Problem description: In your copy, include every record exactly and no pictures.

Supplied material:

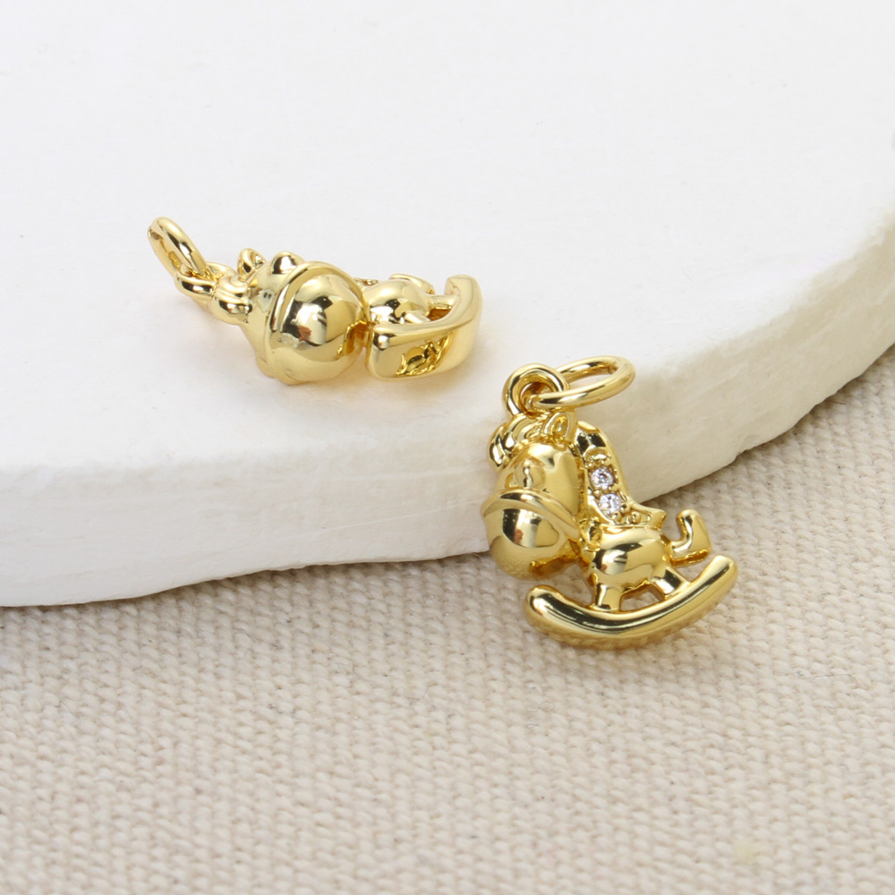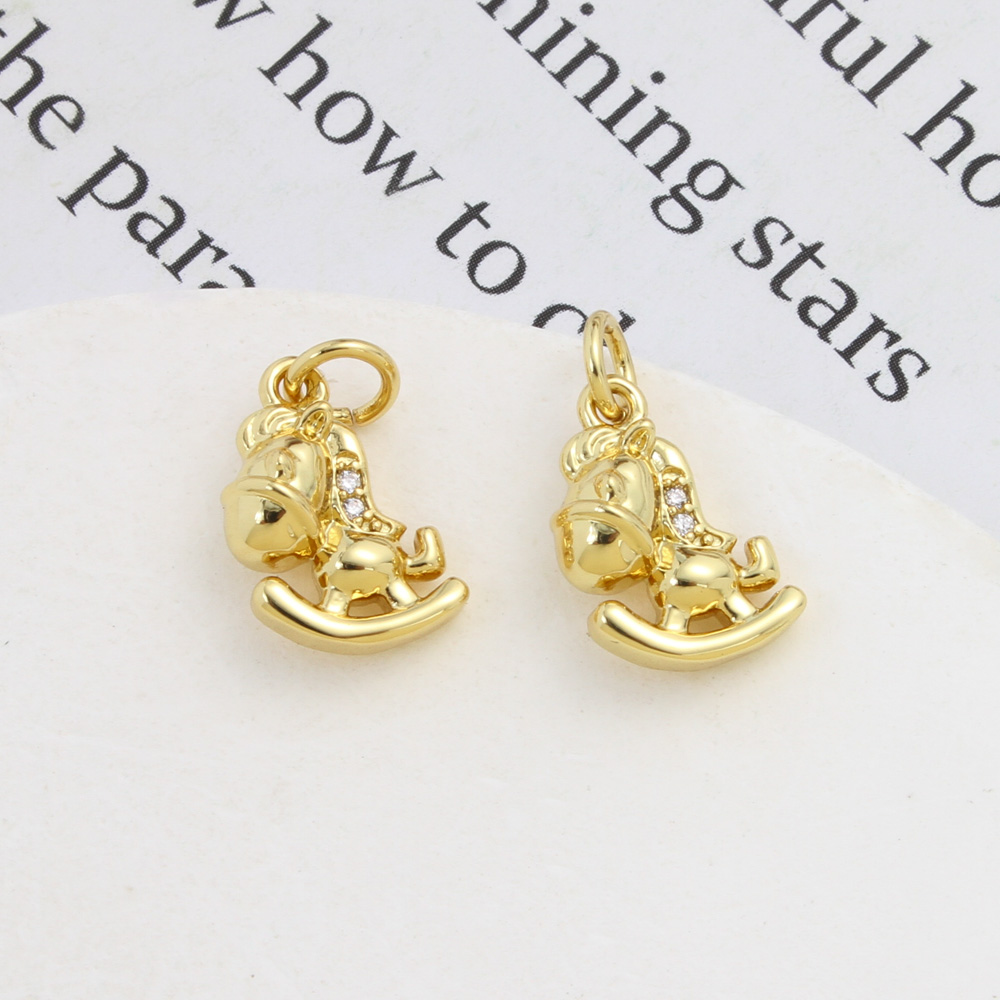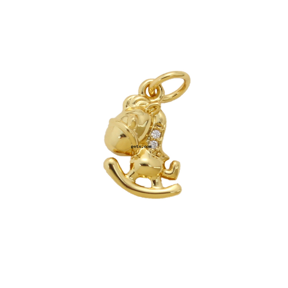 Befestigter Zirkonia Messing Anhänger, Pferd, plattiert, DIY & Micro pave Zirkonia, Goldfarbe, frei von Nickel, Blei & Kadmium, 13.30x8.60x5.80mm, verkauft von PC
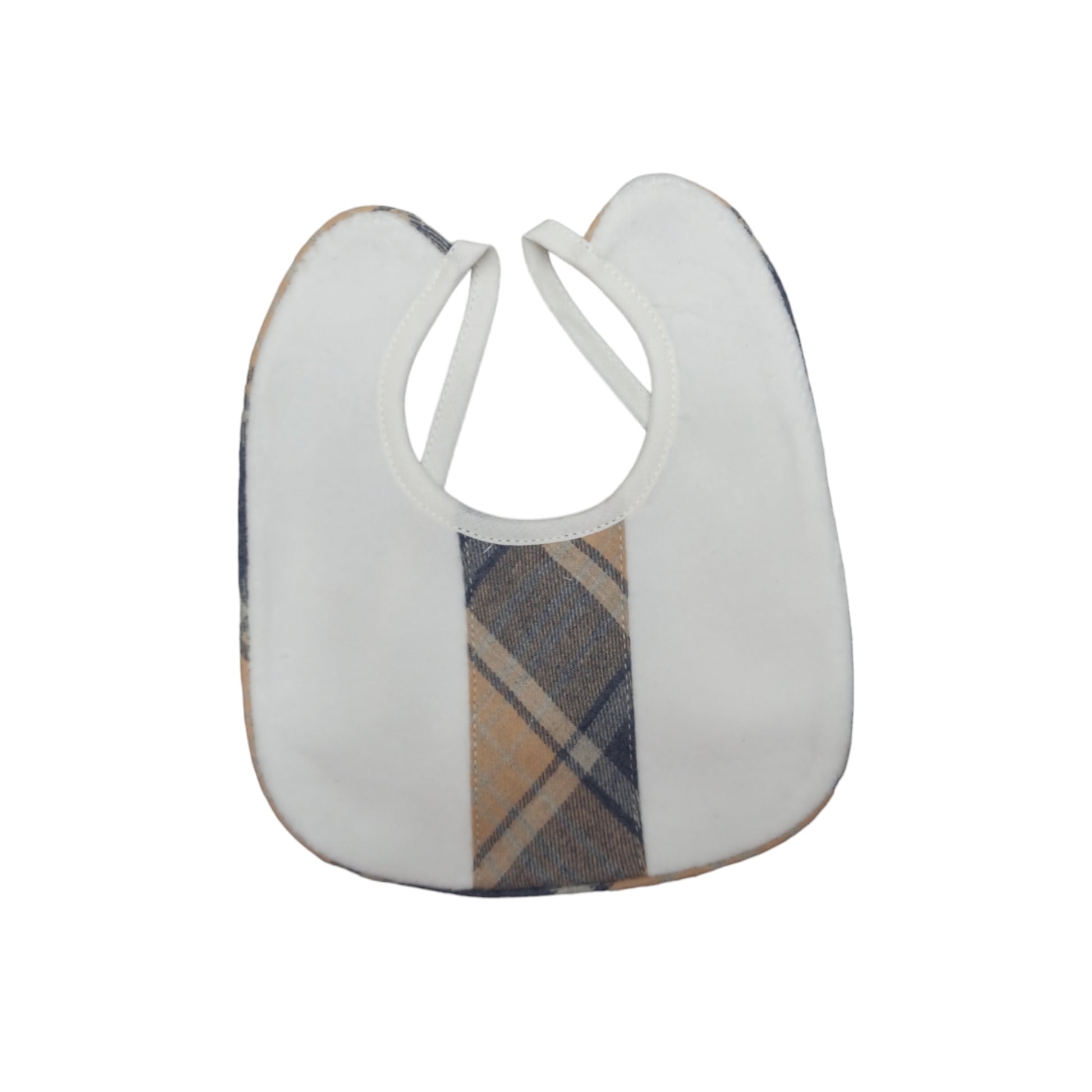 Coordinato composto da bavetta in ciniglia con striscia in jacquard applicata anche sul risvolto del cappello.
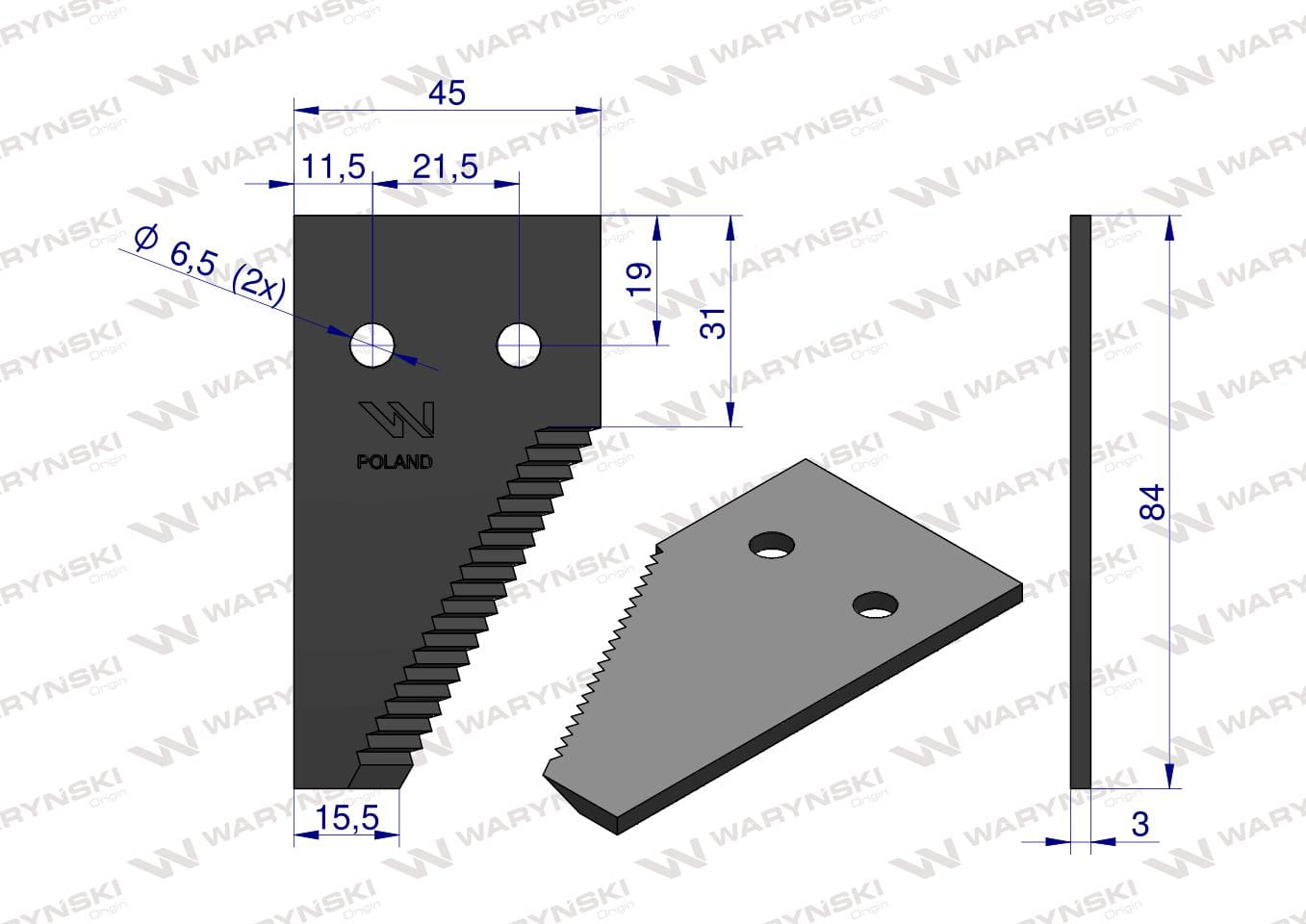 Nóż żniwny końcowy 84x45x3mm otwór 6.5 19 zębów Claas 6112041 6112031 WARYŃSKI
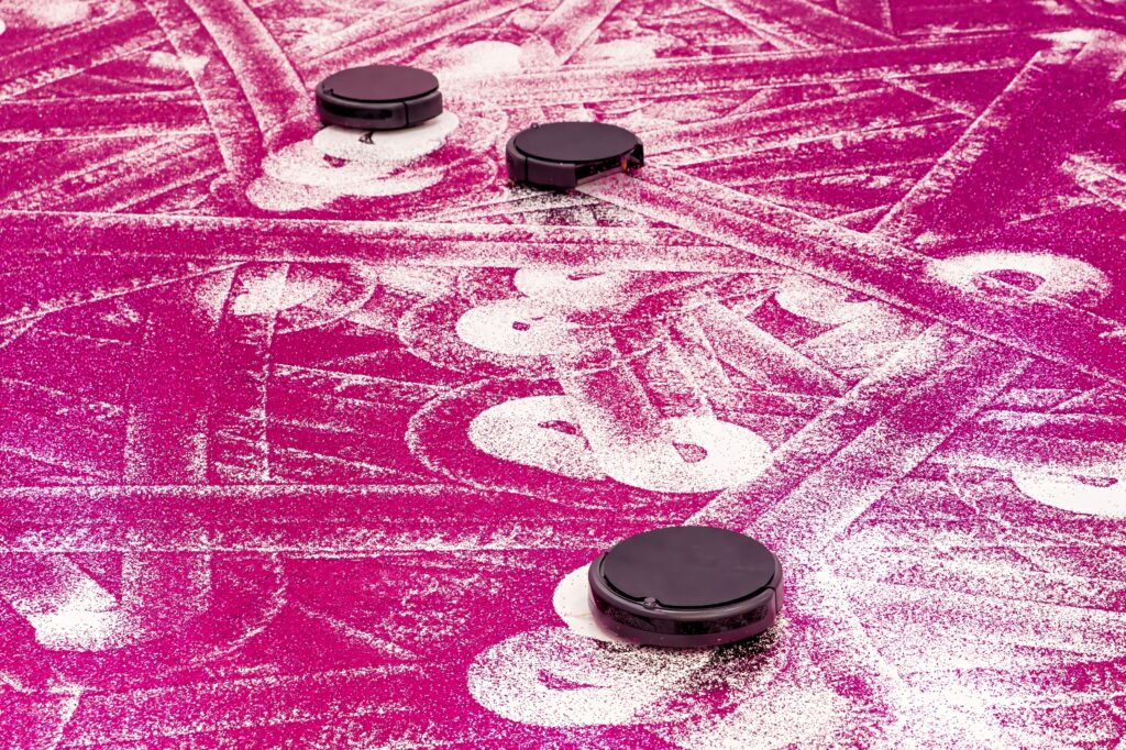 The exhibition begins and ends with the chaos of an after-party. In Puff Out M_2205_pink, :mentalKLINIK unleashes a fleet of robotic vacuum cleaners to roam a glitter-covered platform, drawing in and redistributing the glitter as they go (fig. 7). Elsewhere, the duo’s architectural and linguistic interventions scattered throughout the galleries push the boundaries of institutional space, extending the spirit of the rave: immersive and playfully unruly. During many internal discussions in the museum about the potential harm of glitter, one question lingered on my mind: Why are we so afraid of glitter? It is excessive and hard to contain, and it mirrors the very conditions of joy and collectivity that institutions often struggle to hold. Its refusal to stay still, like the rave, is what makes it so powerful.
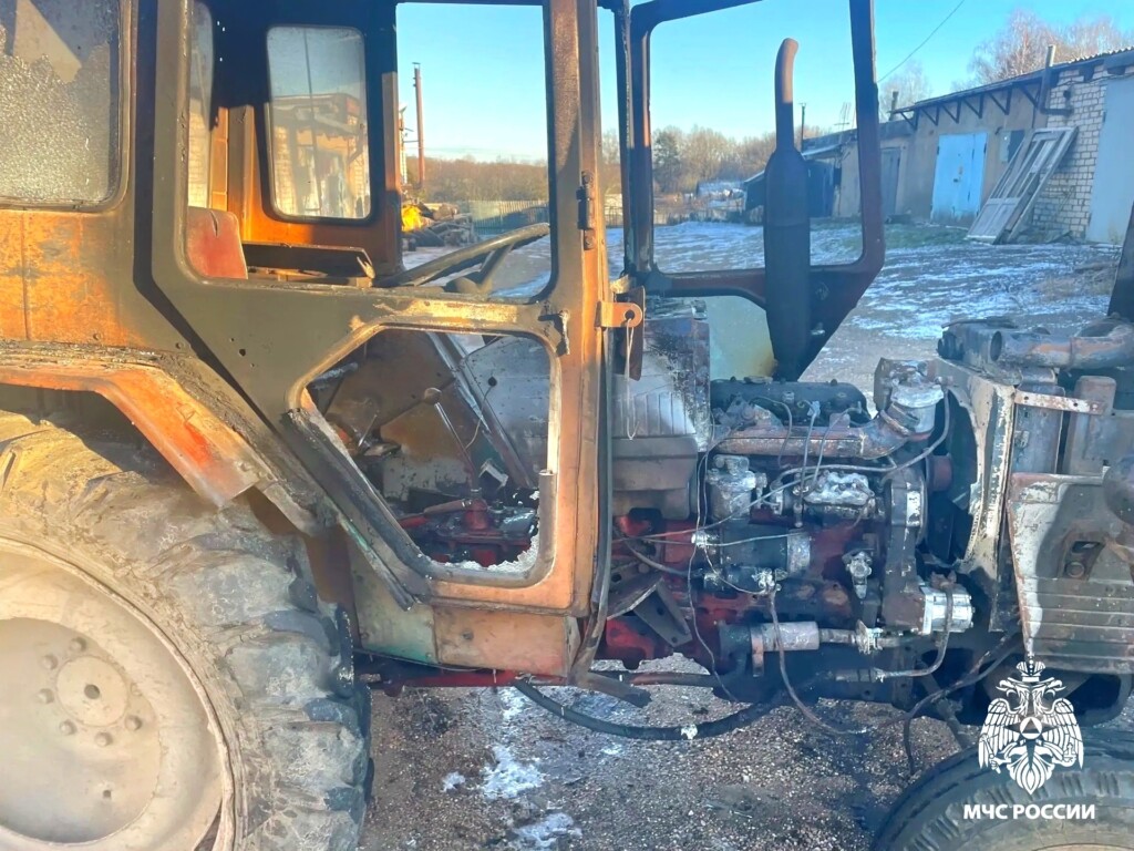 Инцидент произошёл вчера, 24 декабря: в гараже загорелся трактор, когда владелец повернул ключ зажигания.
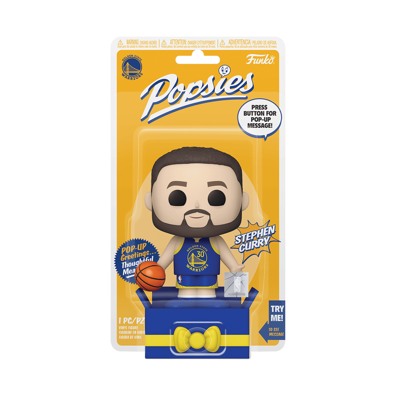 Удивите друга или любимого человека открытым объятием и всплывающим поздравлением с POPsies, новым коллекционным поздравлением от Funko! Нажмите на центр банта, и специальное сообщение появится над баскетболистом Golden State Warriors Стефом Карри, который широко раскинул руки с баскетбольным мячом в руках.

Finished task:
 Befestigter Zirkonia Messing Anhänger, Pferd, plattiert, DIY & Micro pave Zirkonia, Goldfarbe, frei von Nickel, Blei & Kadmium, 13.30x8.60x5.80mm, verkauft von PC
 Coordinato composto da bavetta in ciniglia con striscia in jacquard applicata anche sul risvolto del cappello.
 Nóż żniwny końcowy 84x45x3mm otwór 6.5 19 zębów Claas 6112041 6112031 WARYŃSKI
 The exhibition begins and ends with the chaos of an after-party. In Puff Out M_2205_pink, :mentalKLINIK unleashes a fleet of robotic vacuum cleaners to roam a glitter-covered platform, drawing in and redistributing the glitter as they go (fig. 7). Elsewhere, the duo’s architectural and linguistic interventions scattered throughout the galleries push the boundaries of institutional space, extending the spirit of the rave: immersive and playfully unruly. During many internal discussions in the museum about the potential harm of glitter, one question lingered on my mind: Why are we so afraid of glitter? It is excessive and hard to contain, and it mirrors the very conditions of joy and collectivity that institutions often struggle to hold. Its refusal to stay still, like the rave, is what makes it so powerful.
 Инцидент произошёл вчера, 24 декабря: в гараже загорелся трактор, когда владелец повернул ключ зажигания.
 Удивите друга или любимого человека открытым объятием и всплывающим поздравлением с POPsies, новым коллекционным поздравлением от Funko! Нажмите на центр банта, и специальное сообщение появится над баскетболистом Golden State Warriors Стефом Карри, который широко раскинул руки с баскетбольным мячом в руках.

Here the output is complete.